ASSOCIATIONS OPPOSED TO WOMAN SUFFRAGE.
The first society of women opposed to the suffrage seems to have been formed in Washington, D. C., in 1871, with the wife of General Sherman, the wife of Admiral Dahlgren and Mrs. Almira Lincoln Phelps, a sister of Miss Emma Willard, as officers. Their first public effort on record was two letters to the Washington Post published in 1876 and a memorial from Mrs. Dahlgren in 1878 to a Senate Committee which was to grant a hearing to the suffragists on a Federal Amendment.
An Anti-Suffrage Committee was formed in Massachusetts in the early '80's with Mrs. Charles D. Homans as chairman. About twenty prominent women signed a remonstrance against a State suffrage amendment, which was first presented to the Legislature in 1884 and each year afterwards when there was a resolution before it for this purpose. An Association Opposed to the Further Extension of Suffrage to Women was organized in Massachusetts in May, 1895, with Mrs. J. Elliott Cabot president and Mrs. Charles E. Guild secretary; Laurence Minot, treasurer. Executive Committee, chairman, Mrs. Henry M. Whitney. A paper called the Remonstrance, started about 1890, was published quarterly in Boston, edited for some years by Frank Foxcroft. It ceased publication October, 1920, at which time Mrs.
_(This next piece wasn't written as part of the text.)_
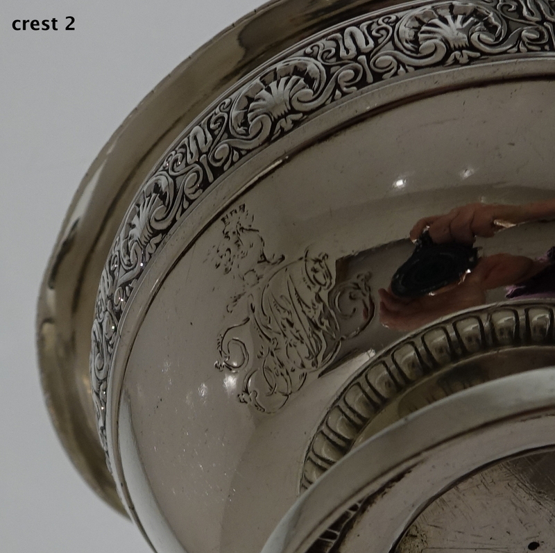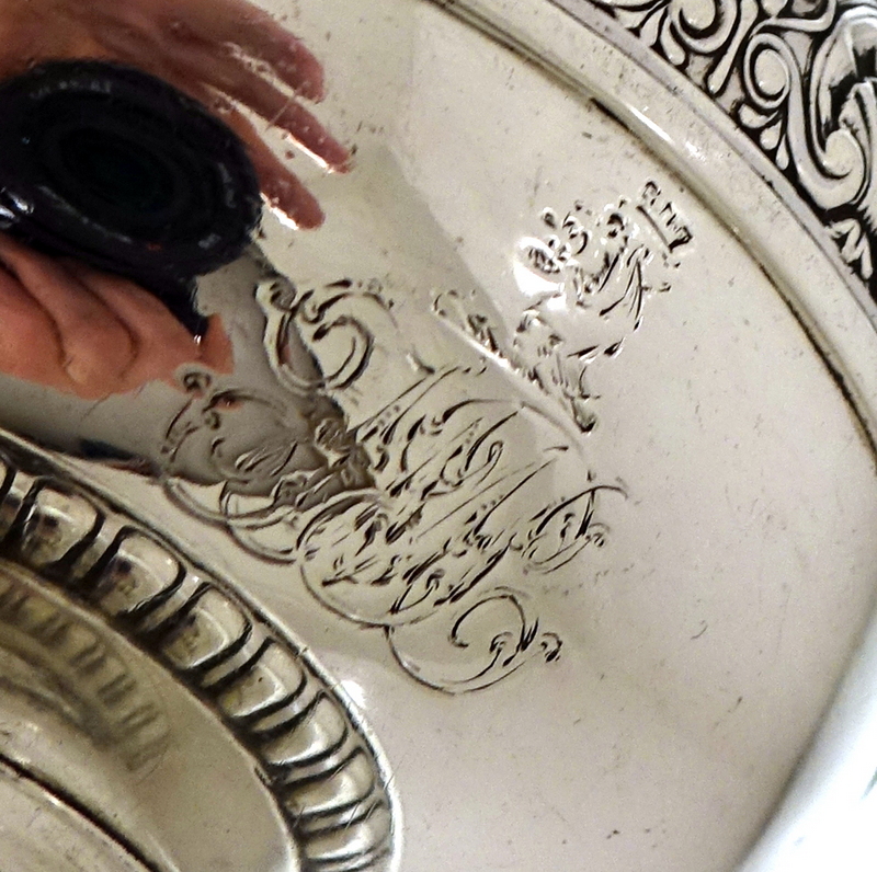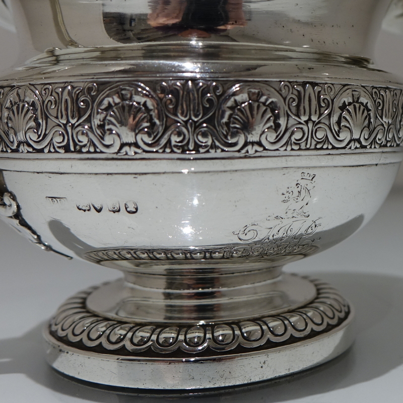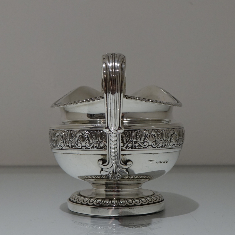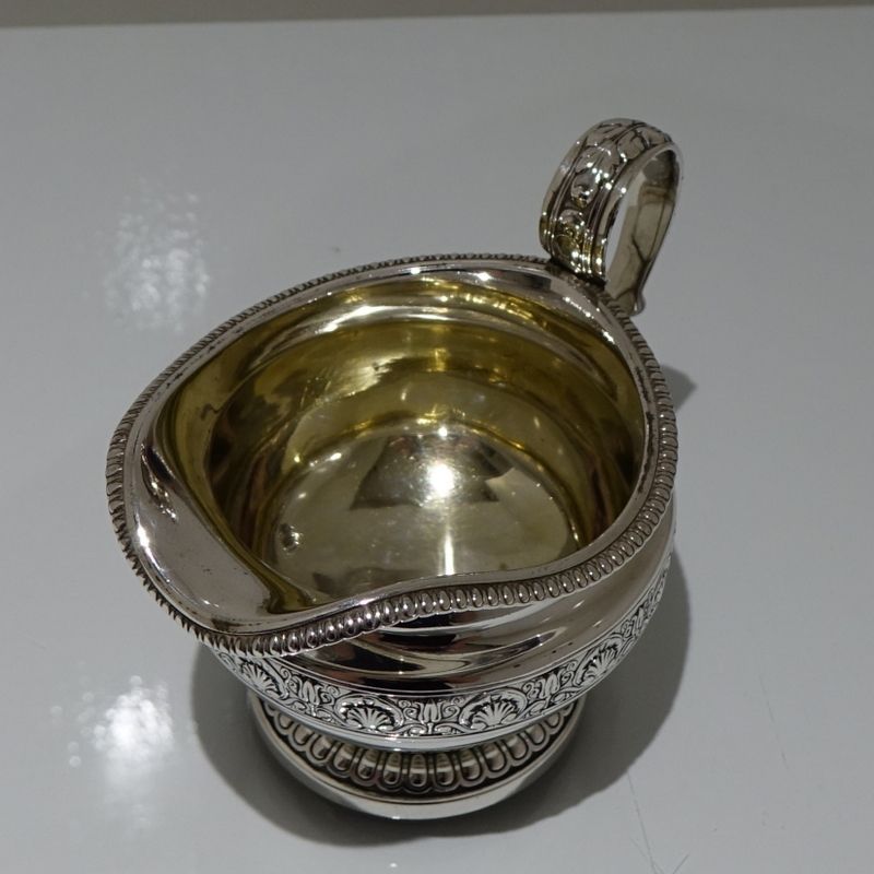 A very fine and incredibly collectable “Phillip Rundell” shaped circular cream jug. Â The body is decorated with an ornate shell galleried band below which sits a double contemporary crest and entwined initials. Â The inside of the bowl has been elegantly silver-gilt and the handle is decorative scroll design.

J. M. Codman was editor.
In 1894, when a convention for revising the constitution of New York State was held, Anti-Suffrage Committees were formed in Brooklyn, April 18; in New York City, April 25; in Albany, April 28. These committees combined to form the New York State Association Opposed to Woman Suffrage on April 8, 1895, with Mrs. Francis M. Scott, president. The other States in which there was an association or committee in late years were as follows: Alabama, Connecticut, Delaware, Georgia, Illinois, Iowa, Maine, Maryland, Michigan, Minnesota, New Hampshire, Nebraska, New Jersey, North Dakota, Ohio, Pennsylvania, Vermont, Virginia, Washington, D. C., Wisconsin.
The National Association Opposed to Woman Suffrage was organized in New York City in November, 1911, with the following officers: President, Mrs. Arthur M. Dodge; vice-presidents, Miss Mary A. Ames, Boston, and Mrs. Horace Brock, Philadelphia; secretary, Mrs. William B. Glover, Fairfield, Conn.; treasurer, Mrs. Robert Garrett, Baltimore. Mrs. James W. Wadsworth, Jr., succeeded Mrs. Dodge in July, 1917, and was followed by Miss Mary G. Kilbreth in 1920. The aim of the association was "to increase general interest in the opposition to universal woman suffrage and to educate the public in the belief that women can be more useful to the community without the ballot than if affiliated with and influenced by party politics." It held mass meetings during campaigns; sent delegates to hearings given by committees of Congress on a Federal Suffrage Amendment and other matters connected with national woman suffrage; also to Legislatures to oppose State amendments; sent speakers and workers to States where amendment campaigns were in progress and circulated vast quantities of literature.
The national headquarters were in New York City at 37 West 39th St. until 1918 when they were moved to Washington, D. C. Three papers were published, the Anti-Suffragist in Albany; the Woman's Protest in New York from May, 1912 to March 1, 1918, when it was succeeded by the Woman Patriot, published in Washington.